Cisco drops a mega-vulnerability alert for VPN devices [Updated]

On January 29, Cisco released a high-urgency security alert for customers using network security devices and software that support virtual private network connections to corporate networks. Firewalls, security appliances, and other devices configured with WebVPN clientless VPN software are vulnerable to a Web-based network attack that could bypass the devices’ security, allowing an attacker to run commands on the devices and gain full control of them. This would give attackers unfettered access to protected networks or cause the hardware to reset. The vulnerability has been given a Common Vulnerability Scoring System rating of Critical, with a score of 10—the highest possible on the CVSS scale.

WebVPN allows someone outside of a corporate network to connect to the corporate intranet and other network resources from within a secure browser session.

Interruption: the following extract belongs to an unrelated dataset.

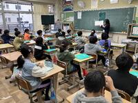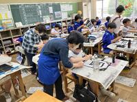 11月17日(月)、久しぶりにお米の先生をお招きして、5年総合的な学習の時間の授業が行われました。これまで学んできた米づくりについて新聞にまとめている5年生。体験の中や調べているうちにわいてきたきた様々な疑問について教えていただきました。出荷時の水分量の検査等、細かな点まで教えてくださいました。また、収穫後、来期の米づくりに向けての様々な準備や作業についても教えていただきました。これまで知らなかったことについても、たくさん知ることができました。

Since it requires no client software or pre-existing certificate to access from the Internet, the WebVPN gateway can be generally reached from anywhere on the Internet—and as a result, it can be programmatically attacked. A spokesperson for the Cisco security team said in the alert that Cisco is not aware of any active exploits of the vulnerability right now. But the nature of the vulnerability is already publicly known, so exploits are nearly certain to emerge quickly.

The vulnerability, discovered by Cedric Halbronn of the NCC Group, makes it possible for an attacker to use multiple, specially formatted XML messages submitted to the WebVPN interface of a targeted device in an attempt to “double-free” memory on the system. Executing a command to free a specific memory address more than once can cause memory leakage that allows an attacker to write commands or other data into blocks of the system’s memory. By doing so, the attacker could potentially cause the system to execute commands or could corrupt the memory of the system and cause a crash.

The affected systems are devices running Cisco’s ASA software with WebVPN enabled. These include:

• 3000 Series Industrial Security Appliance (ISA)
• ASA 5500 Series Adaptive Security Appliances
• ASA 5500-X Series Next-Generation Firewalls
• ASA Services Module for Cisco Catalyst 6500 Series Switches and Cisco 7600 Series Routers
• ASA 1000V Cloud Firewall
• Adaptive Security Virtual Appliance (ASAv)
• Firepower 2100 Series Security Appliance
• Firepower 4110 Security Appliance
• Firepower 9300 ASA Security Module
• Firepower Threat Defense Software (FTD)

Cisco has issued a patch for the vulnerability. But to get the patch, customers without current maintenance contracts will have to contact Cisco’s Technical Assistance Center (TAC) to obtain the patch. Some security professionals Ars communicated with expressed frustration with the slow response they got from Cisco’s TAC.

Update [3:00 PM EST] A Cisco spokesperson provided the following statement: "Cisco is committed to responsible coordinated disclosure about vulnerabilities, and maintains a very open relationship with the security research community. As soon as Cisco learned that there was potential public awareness of the issue, we immediately published a security advisory to inform customers what it is, as well as how to assess their network and remediate the issue. A patch, which addresses this vulnerability specifically, has been available since the disclosure.”